Emily Rhodes

A modern Medea: Iron Curtain, by Vesna Goldsworthy, reviewed

A novel of love and betrayal artfully evokes the 1980s while also drawing on the mythic past

‘Medea’ by Frederick Sandys — the mythical character whom Vesna Goldsworthy’s protagonist resembles. [Getty Images]

Vesna Goldsworthy’s finely wrought third novel explodes into life early on with a shocking scene in which Misha — the boyfriend of our protagonist, Milena Urbanska — returns from a short, tough spell of military service, initiates a game of Russian roulette (‘the only Russian thing I could face right now’) and blows his brains out.

It is 1981. Misha and Milena are children of the political elite in an unnamed capital city in the Eastern Bloc. As such, they are afforded privileges their compatriots lack: palatial homes, preferential treatment, western luxuries as seemingly innocuous as cans of Bitter Lemon from Italy and imported tampons, instead of ‘the scratchy home-produced sausages of grey cotton waste encased in a flimsy net that… soaked through before you could say “period”’.

These are evidently insufficient compensations, however, for additional surveillance and pressure to toe the party line. After Misha’s tragic exit, Milena buries herself in translation work for the country’s maize production until she’s asked to translate at a poetry festival, where she meets Jason Connor, a handsome Irish poet. She lends him her father’s coat; a few days later they have sex on her father’s bed. Jason asks her to return to London with him, but Milena stays behind, endures an abortion, then follows him several months later.
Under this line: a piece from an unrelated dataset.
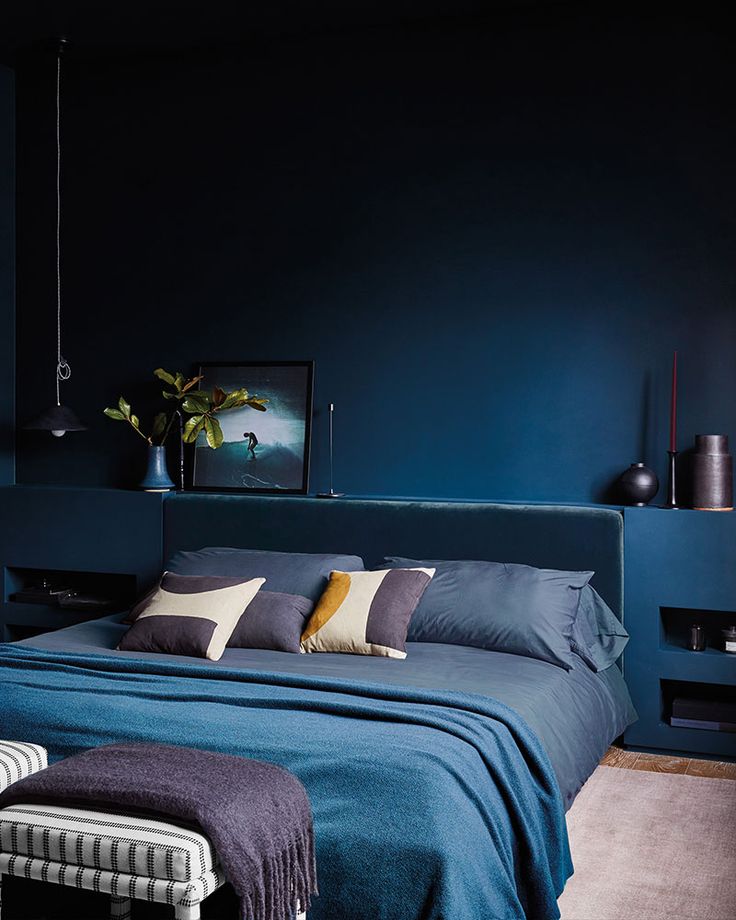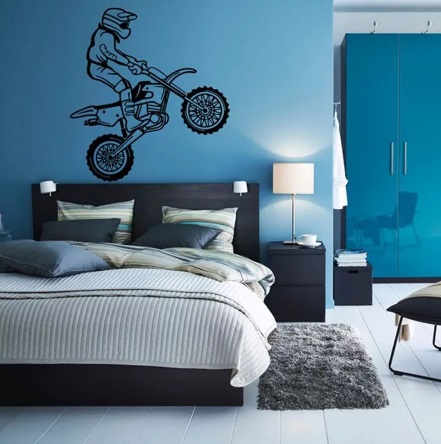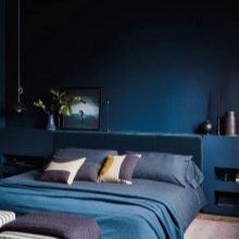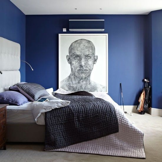 В пространството на млад мъж синята палитра ще изглежда добре. Богатата гама от нюанси е подчертана с различни нюанси, вариращи от светло синьо до заглушено индиго. Тандемът от богат ултрамарин и дънки се възприема свеж. От тъмните варианти е по -добре да се даде предпочитание на здрача, цвета на бурното небе и кобалта.

Appropriately enough, Iron Curtain is split in two halves, the first set in the East, the second in London. The initial fascination of witnessing life behind the Curtain is matched by seeing 1980s England from an outsider’s perspective. When Jason smuggles Milena into his spartan hall of residence, with its ‘coffin-sized’ bed, she says: ‘The enormity of the move I had made was somehow brought home by the smallness of the room.’